Giving Voice: New dentist is making big difference at Oasis

When we temporarily closed the dental clinic in March, we understood the profound impact it would have on our patients’ oral health. Most of our patients have moderate to severe dental issues, requiring several visits to address the multiple issues that have impacted their ability to smile, eat, and sleep. Lack of fluoridated water, inability to pay for services, and years of deferred or delayed care are just some of the root causes for the dental issues our patients experience. Our patients rely on our free services to address dental issues and alleviate pain so that they can get back to their jobs and families.

We also knew that when it was safe to re-open the dental clinic, we might not have dentists who could volunteer with us, at least not immediately. Those in private practice are focused on keeping their businesses going, meaning they often work on Fridays – the day most volunteer at Oasis. Because many of our volunteer dentists are over 60 and in the high-risk category, we weren’t sure if they would return. As a result, and for the first time in our history, we hired a staff dentist for eight hours per week to provide care to our patients. This, it turns out, has been one of the best things to come out of the pandemic.

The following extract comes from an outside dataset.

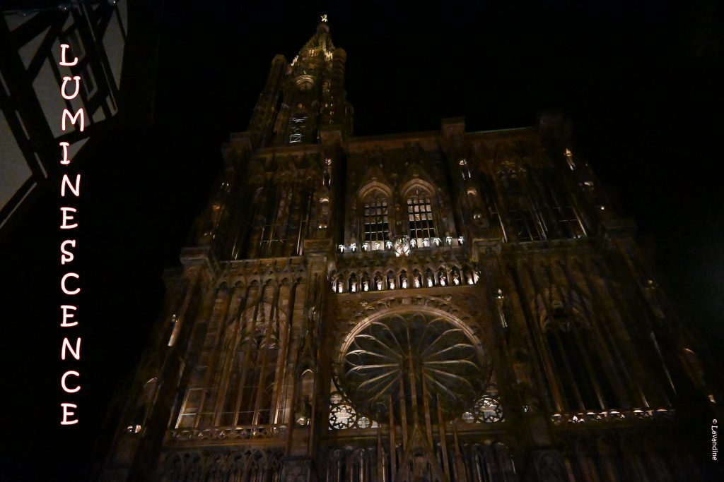 En ce qui concerne l’article du jour, vous allez voir des photos d’un spectacle où nous avons été jeudi dernier à la cathédrale Notre-Dame de Strasbourg, intitulé LUMINISCENCE. La nef de la vieille dame s’est illuminée pour fêter ses 750 ans.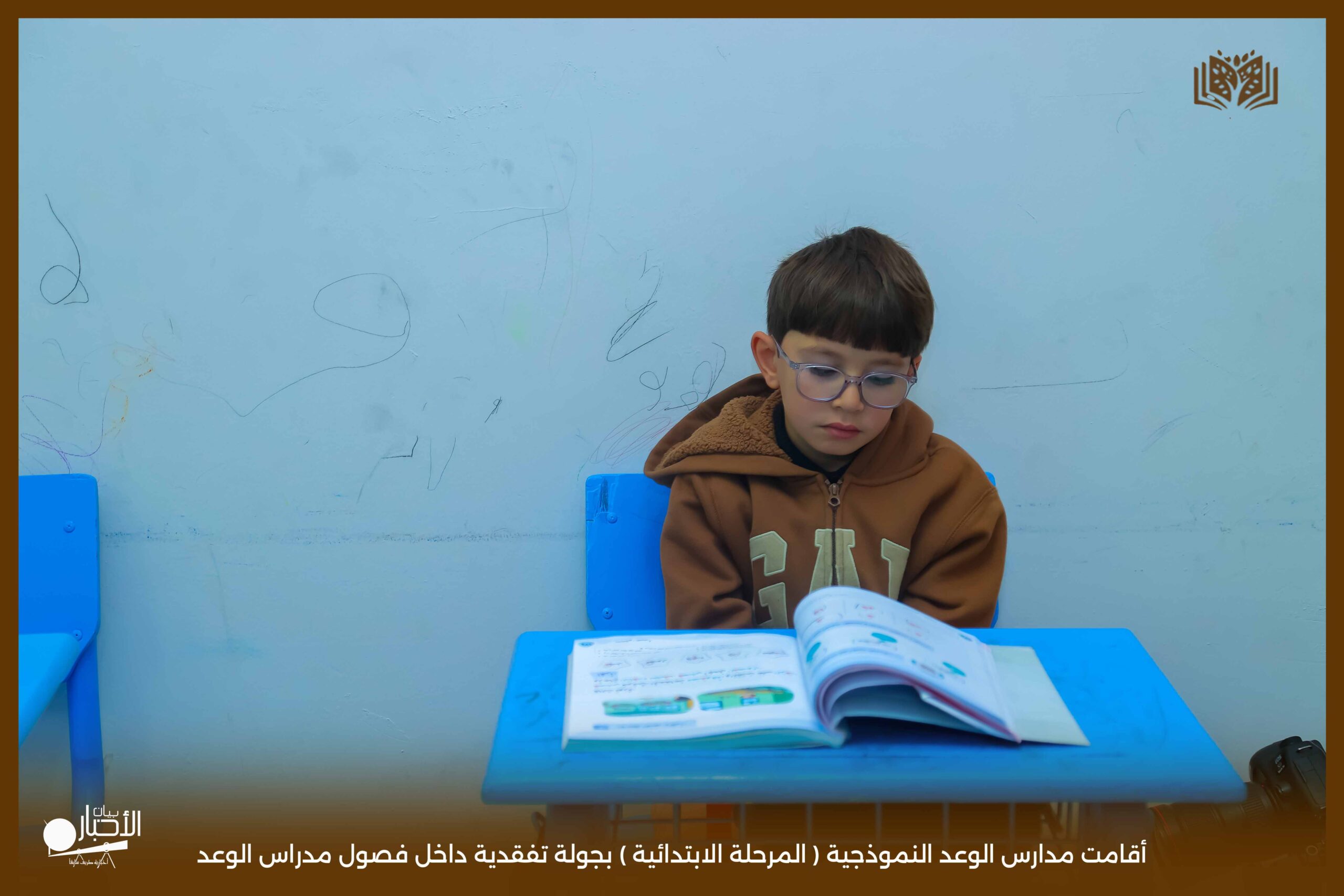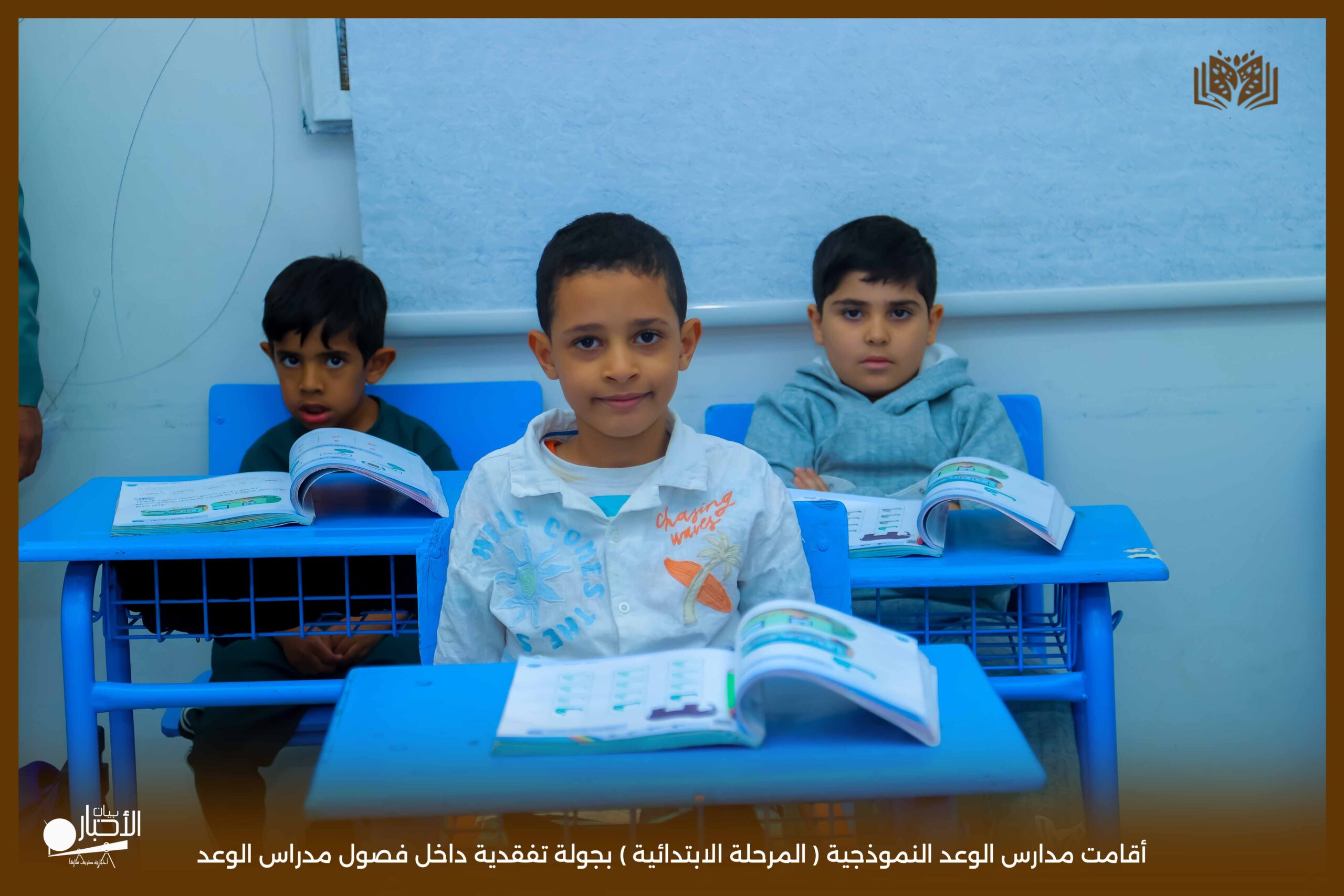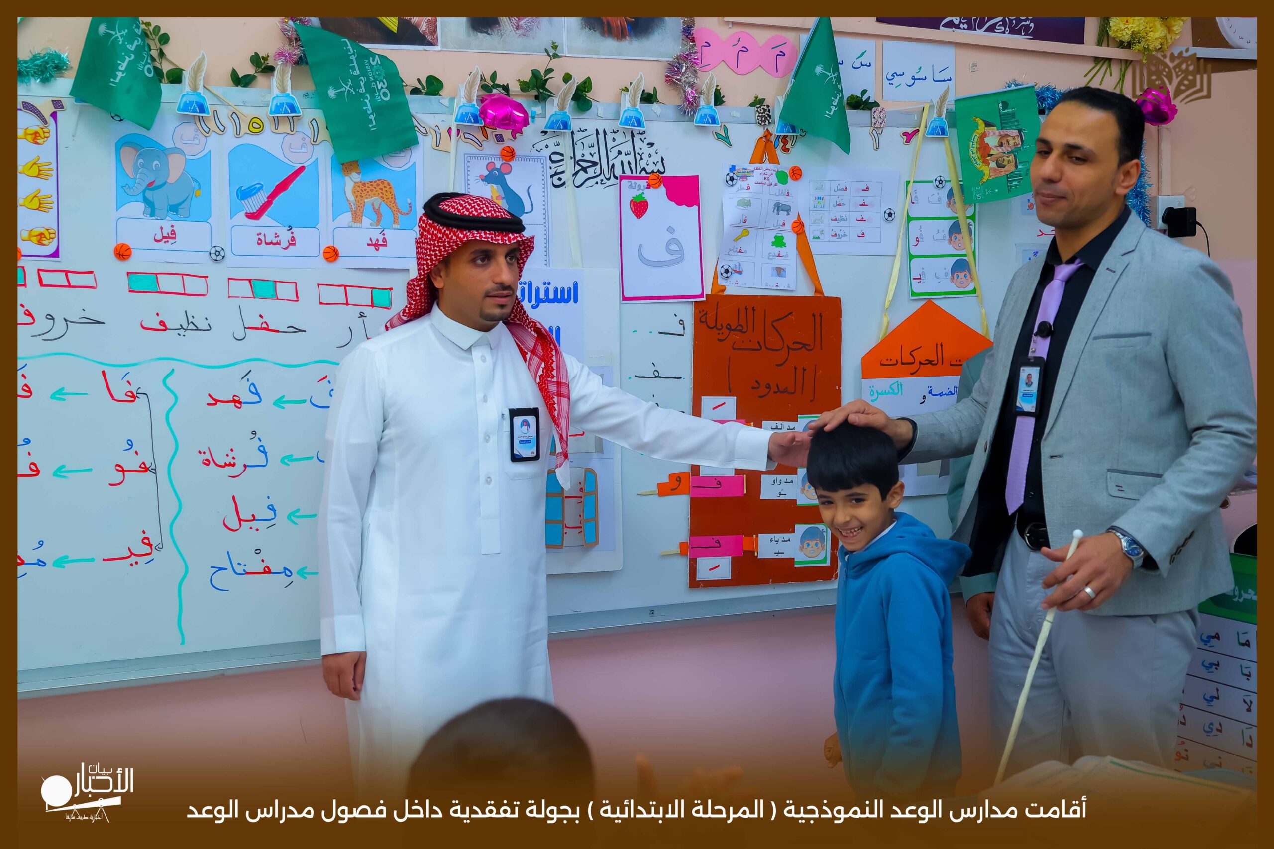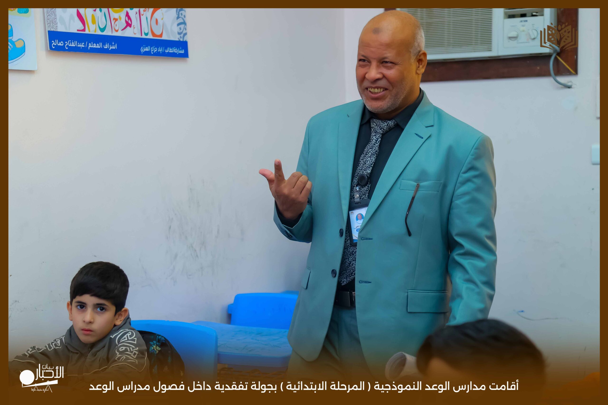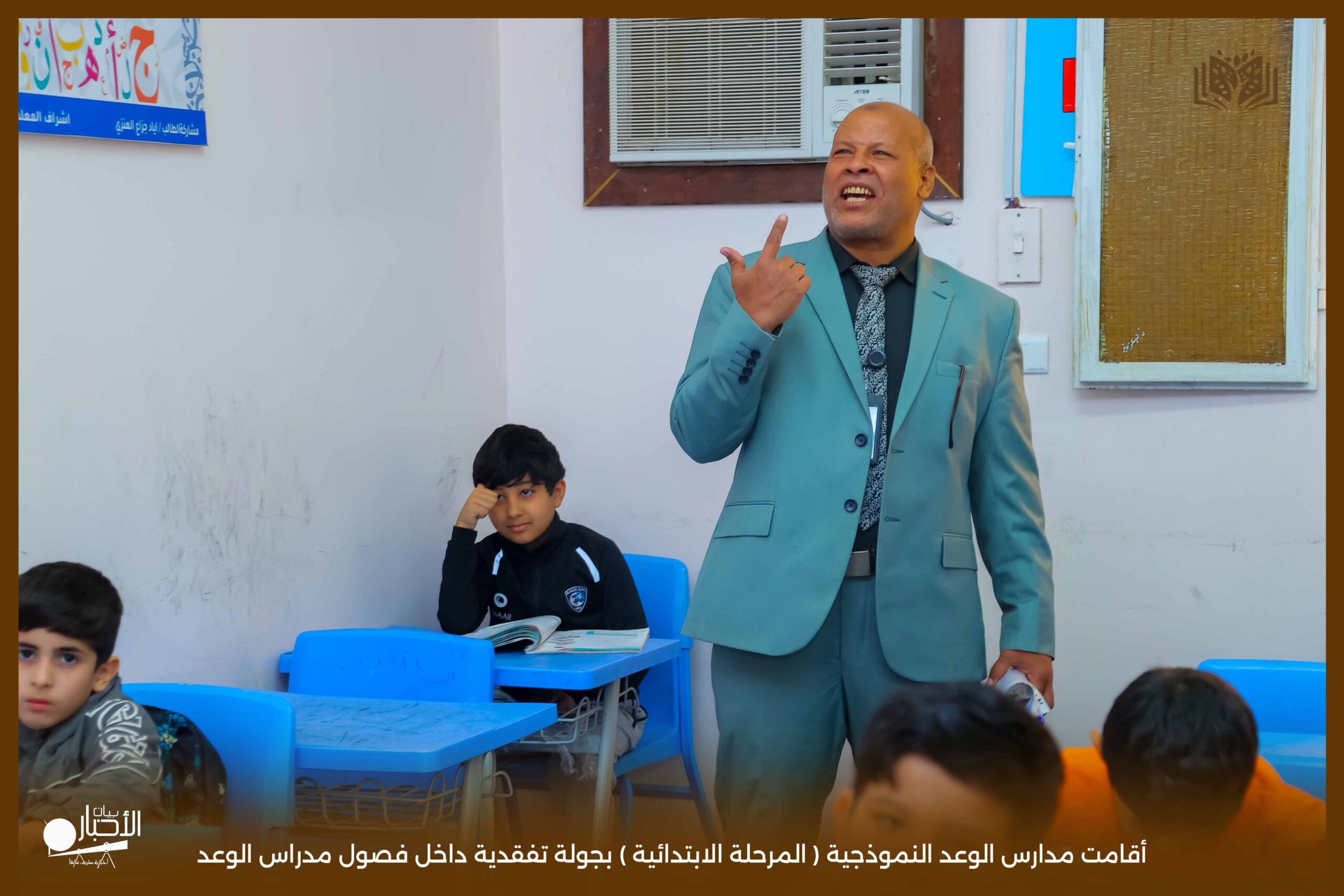 أقامت مدارس الوعد النموذجية ( المرحلة الابتدائية ) بجولة تفقدية داخل فصول مدراس الوعد ضمن الزيارات الصفية من قبل الإدارة والدعم الفني والمتابعة بالمدرسة و الوقوف على مستويات الطلاب ومدى انضباط العملية التعليمية داخل المدرسة.

Dr. Flo Edwards started in early September and jumped quickly into action, providing almost $12,000 in free dental care during her first six weeks. She has delivered a wide array of dental services – comprehensive exams, extractions, and fillings – and our patients have been thrilled to have access to dental care again. My office is down the hall from the dental suites, and I have a front row seat to their smiles and calls of, “Thank you!” as they leave the clinic.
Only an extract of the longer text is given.